ARTIGO 47 - COMISSÃO SOBRE MUDANÇAS TECNOLÓGICAS
Será constituída no prazo de até 45 dias a contar da assinatura da Convenção, comissão bipartite sobre mudanças tecnológicas para debater, acompanhar e apresentar propostas diante de projetos de mudança tecnológica e organizacional das empresas abrangidas por esta convenção, reestruturação administrativa, introdução de novos equipamentos e outras situações similares.
§ 1º - A comissão será constituída por representantes dos empregados e dos empregadores e contará com a participação de representantes das CIPAs e SESMT. Também poderão ser convidadas especializadas no tema para subsidiar o debate.
§ 2º - As empresas abrangidas por esta convenção informarão previamente, com antecedência de pelo menos 1(um) ano, aos membros componentes da comissão quanto à existência de projetos que intencionem implantar quanto a mudanças tecnológicas e organizacionais, reestruturação administrativa, introdução de novos equipamentos e outras similares.
§ 3º - Após prestar as informações acima, as empresas abrangidas por esta convenção deverão possibilitar às representações componentes da comissão, que realizem tratativas com o intuito de buscar resguardar o emprego, a segurança, saúde, meio ambiente e integridade físico-psíquica dos empregados e dos consumidores.
ARTIGO 48 - CORRESPONDENTE
Os Bancos não implementarão os termos das Resoluções nº 3110 e 3156 do BACEN.
ARTIGO 49 - OPÇÃO PELO FGTS, COM EFEITO RETROATIVO
Manifestando-se o empregado, optante ou não, pelo regime do FGTS, por escrito, no sentido de exercer o direito de opção retroativa especificado nas leis nºs 5.958/73 e 8.036/90, e Decreto nº 99.684, de 08.11.90, artigos 4º e 5º, não poderá opor-se o empregador, que, no prazo máximo de 48 horas, deverá encaminhar a declaração à Caixa Econômica Federal, para a regularização da opção retroativa.
PARÁGRAFO ÚNICO - A opção retroativa do FGTS, na forma da presente artigo, não implicará prejuízo relativamente aos direitos trabalhistas e previdenciários do empregado e ao benefício de abono complementar de aposentadoria, previsto no regulamento do empregador.
ARTIGO 50 - JORNADA DE TRABALHO
A jornada de trabalho, para todos os trabalhadores abrangidos por esta convenção, inclusive comissionados, será de 5 horas diárias e 25 horas semanais, garantindo-se um intervalo de 15 minutos diários para refeição ou descanso, incluído na jornada.
§ 1º - Para assegurar a observância e o cumprimento da jornada de 5 (cinco) horas contínuas para todos os seus empregados, as empresas abrangidas por esta convenção organizarão 2 (dois) turnos de trabalho no período diurno e quando se fizer necessário, dois turnos de trabalho no período noturno.
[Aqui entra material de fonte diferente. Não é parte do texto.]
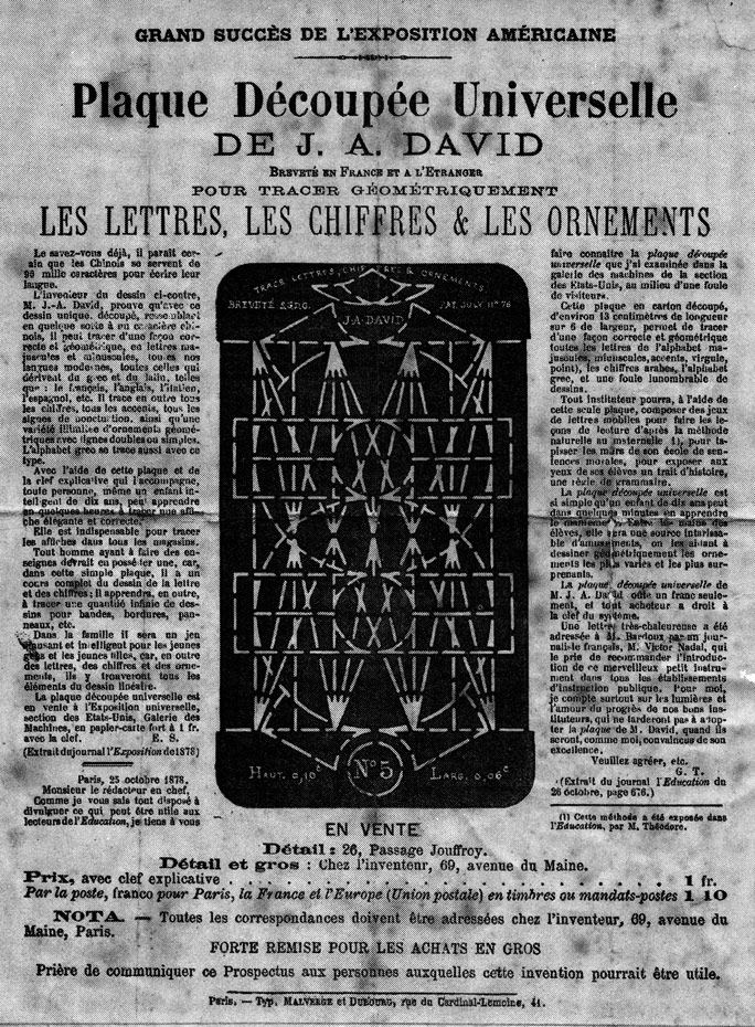 Pas de commentaires Plaque découpée universelle, par Thierry Chancogne Les commentaires sont fermés. http://www.drieswiewauters.eu/ J.-A. David, Plaque découpée universelle, 1876http://ms-gaillarde.blogspot.fr/2011/02/plaque-decoupee-universelle.htmlhttp://www.reading.ac.uk/typography/about/staff/e-t-kindel.aspx 26 / 03 / 13

Em qualquer hipótese, o primeiro turno do período diurno não se iniciará após as 8 horas, bem como o segundo turno não terá início antes das 12h00.
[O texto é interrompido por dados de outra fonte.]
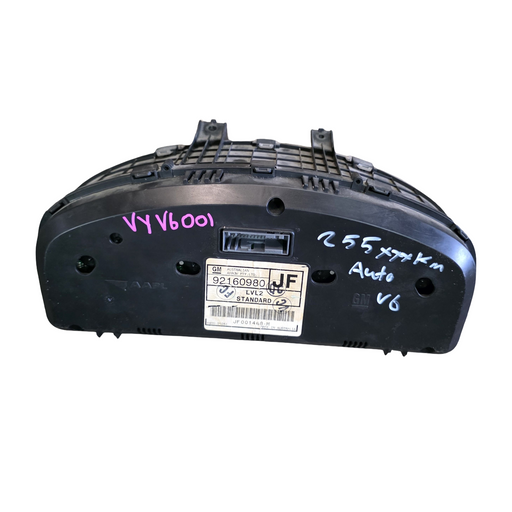 Genuine salvaged instrument cluster for VY Holden Calais and Berlina sedans with V6 automatic transmission. Part number 92160980 JF. This Level 2 s...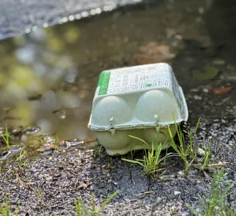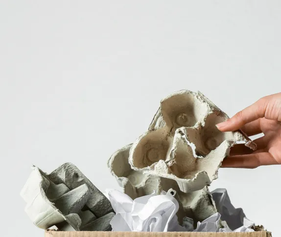 Moulded fibre egg packaging is compostable in industrial processes and certified according to European Standard EN 13432. Moulded fibre packaging undergoes a degradation process by the action of naturally occurring microorganisms. Along with all plant-based materials, they slowly break down into organic components until they can be consumed on a microscopic level. It takes a long time for plastic to disintegrate. Otherwise, it is incinerated along with other non-recyclable waste.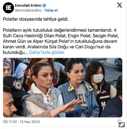 Erdinç paylaşımında "Polatlar'ın aylık tutukluluk değerlendirmesi tamamlandı. 4 Sulh Ceza Hakimliği Dilan Polat, Engin Polat, Sezgin Polat, Ahmet Gün ve Alper Kürşat Polat’ın tutukluluğuna devam kararı verdi. Aralarında Sıla Doğu ve Can Dogu’nun da bulunduğu tutukluların ise tutuksuz yargılanmasına hükümetti. Başka davadan tutukluluğu olmayan sanıklar cezaevinden tahliye edilecekler." ifadelerini kullandı.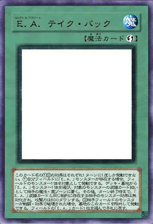 | このカード名の①②の効果はそれぞれ1ターンに1度しか発動できない。①自分フィールドに「E.A.」モンスターが存在する場合、フィールドのモンスター1体を対象として発動できる。デッキ・墓地から「E.A.」モンスター1体を選び、対象のモンスターの装備カード扱いとして相手の魔法・罠ゾーンに置く。その後、ターン終了時まで、「E.A.」装備カードと同じ縦列に存在する相手のモンスター効果は無効化され、攻撃力は800ダウンする。②相手フィールドのモンスターが戦闘・効果で破壊された場合、墓地のこのカードを除外して発動できる。フィールドの「E.A.」カード1枚を選んで手札に戻す。 | |||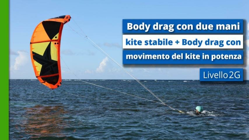 Livello 2G - Body drag con due mani e kite stabile + Body drag con movimento del kite in potenza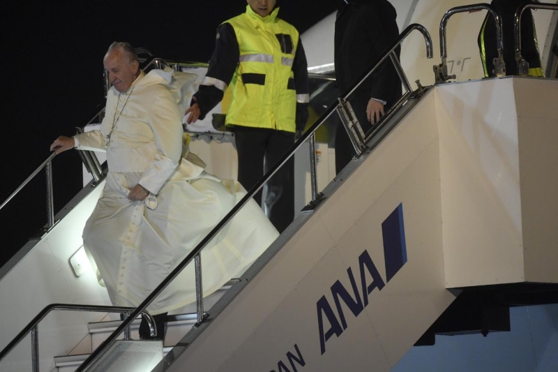 El Papa Francisco llegó a Japón esta tarde, poco después de las 17.30hrs procedente de Tailandia, y fue recibido por funcionarios del gobierno y de la Iglesia Católica en el aeropuerto de Haneda. Su llegada marca la primera visita de un Sumo Pontífice en 38 años.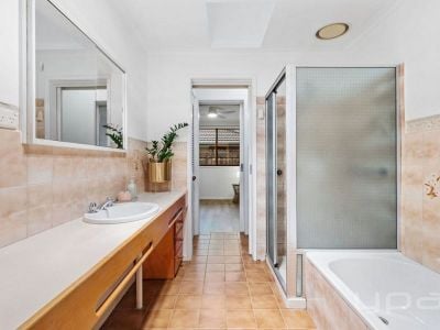 Central bathroom, featuring separate shower, and bath - and walk through access to bedroom. Low maintenance, private courtyard.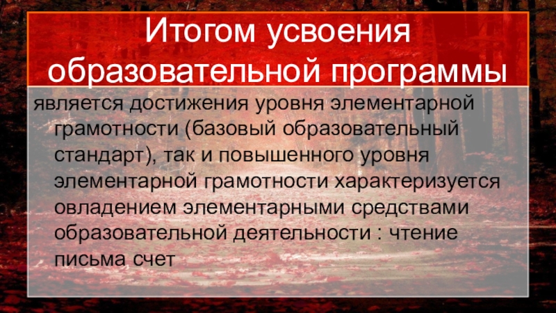 является достижения уровня элементарной грамотности (базовый образовательный стандарт),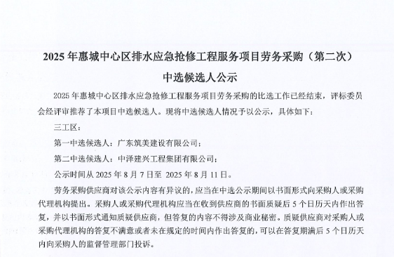 惠州市水電建筑工程有限公司勞務(wù)供應(yīng)商庫擴庫評審結(jié)果公示……

§ 2o - Será considerado como tempo à disposição do empregador e remunerado na forma prevista no caput, aquele ocupado pelo empregado em cursos de treinamento e reuniões convocadas pela empresa.
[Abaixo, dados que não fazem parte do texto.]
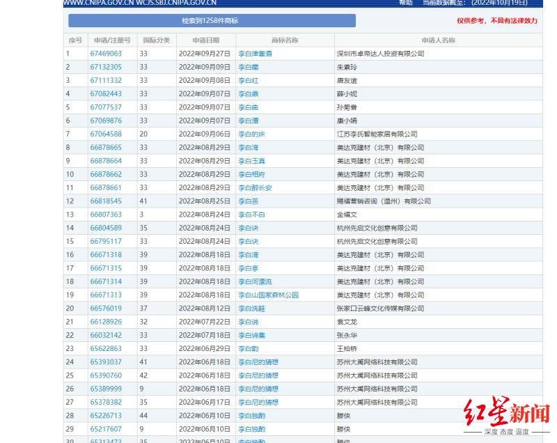 红星新闻记者随后了解发现,法律并未明文禁止历史名人姓名用作商标注册。在全国各地,很多历史名人都被抢注了商标,仅与“李白”相关商标申请,就检索出共1258件。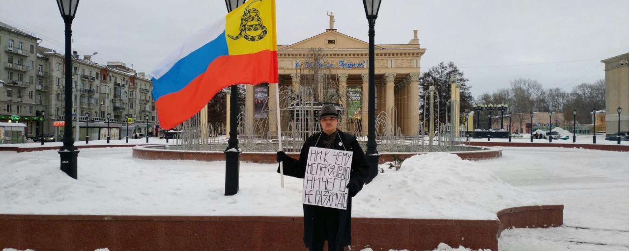Я приобрел себе такой флаг. Сначала я вышел с ним в одиночный пикет. На пикете было около десяти сотрудников полиции, когда переговаривались по рации, у них такая фраза прозвучала: «Он стоит с российским флагом, но со змейкой». На этом все вроде обошлось. Они пофотографировали, как обычно, мой одиночный пикет, и поехали по своим делам.
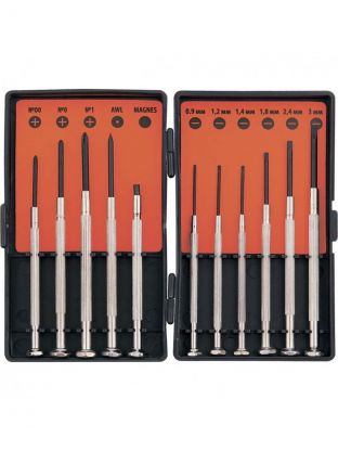 В наборе 11 отверток (№00; №0; №1; AWL; MAGNES; 0.9 мм; 1.2 мм; 1.4 мм; 1.8 мм; 2.4 мм; 3 мм). Стальные рукоятки со специальным рифлением не выскальзывают из рук.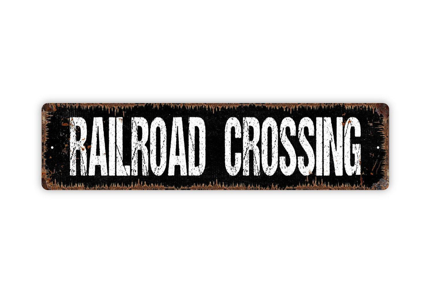 Railroad Crossing Sign - Train Station Locomotive Engineer Tracks Engine Caboose Rustic Street Metal Sign or Door Name Plate Plaque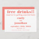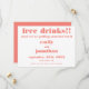 Un design humoristique de typographie audacieux pour invitation vos invités pour sauver votre date mariage. Entièrement personnalisable. Le texte centré est dans le corail, avec l’en-tête, "Boissons gratuites" suivi du slogan, Et nous nous marions aussi, vos noms, la date et l’emplacement du mariage. Un arrière - plan corallien correspondant se trouve à l'arrière et vous pouvez changer de couleur si vous le souhaitez via l'option Customiser plus.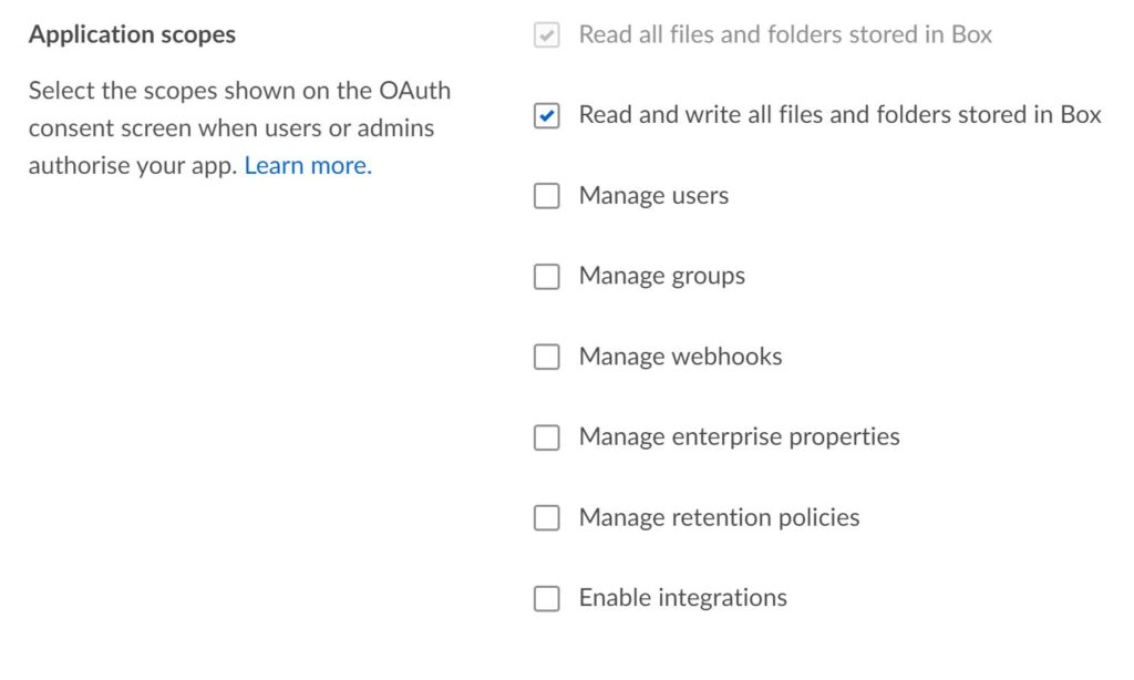 If you scroll down you will find the Application scopes, based on your application you can select or deselect the scopes, for this sample, let’s stick with the default scope which is Read and write files and folders stored in Box.

§ 3º - Os sindicatos profissionais convenentes poderão fiscalizar o cumprimento da jornada de trabalho nos locais de trabalho, independentemente de pré-aviso, por meio de dirigentes ou assessores investidos de poderes para essa função, que poderão requisitar cópias de documentos e lavrar termo de autuação diante de eventuais irregularidades, sendo que estas deverão ser objeto de tratativa com o respectivo empregador.
§ 4º - As empresas abrangidas por esta convenção arcarão com multa equivalente a 50% (cinqüenta por cento) do piso de escriturário, por empregado e por irregularidade constatada na forma do parágrafo 3º deste artigo, devendo a mesma ser revertida a um fundo a ser organizado pela entidade sindical respectiva.
§ 5º - As empresas deverão possibilitar aos seus empregados o registro da jornada de trabalho, por meio de cartão de ponto ou outros meios com os quais os sindicatos de bancários respectivos concordarem, independentemente do número de empregados no estabelecimento.
ARTIGO 51 - QUALIFICAÇÃO E REQUALIFICAÇÃO PROFISSIONAL
As empresas abrangidas por esta convenção garantirão permanente qualificação profissional, para que o trabalhador possa acompanhar as mudanças do setor, garantir qualidade nos locais de trabalho e qualidade dos serviços prestados.
§ 1º - As empresas abrangidas por esta convenção ficam obrigados a qualificar e requalificar permanentemente todos os seus funcionários nos seguintes casos:
a)Por motivos de introdução de novas tecnologias;
b)Por motivos de realocação interna, mudança de setor por promoções, concurso interno, transferência;
c)Por motivos de fusão e incorporação.
§ 2º - Anualmente, as empresas abrangidas por esta convenção ministrarão cursos básicos (treinamento) aos seus funcionários, por um período mínimo de 96 horas.
§ 3º - As Empresas obrigam-se a ressarcir despesas com cursos profissionalizantes comprovadamente feitos pelos trabalhadores abrangidos por esta convenção até o valor de R$ 731,75 (setecentos e trinta e um reais e setenta e cinco centavos), durante o ano, sendo que os valores não serão cumulativos.
§ 4º - Os cursos solicitados pela própria Empresa deverão ser ressarcidos independente do valor do curso e do benefício estipulado no parágrafo 3º.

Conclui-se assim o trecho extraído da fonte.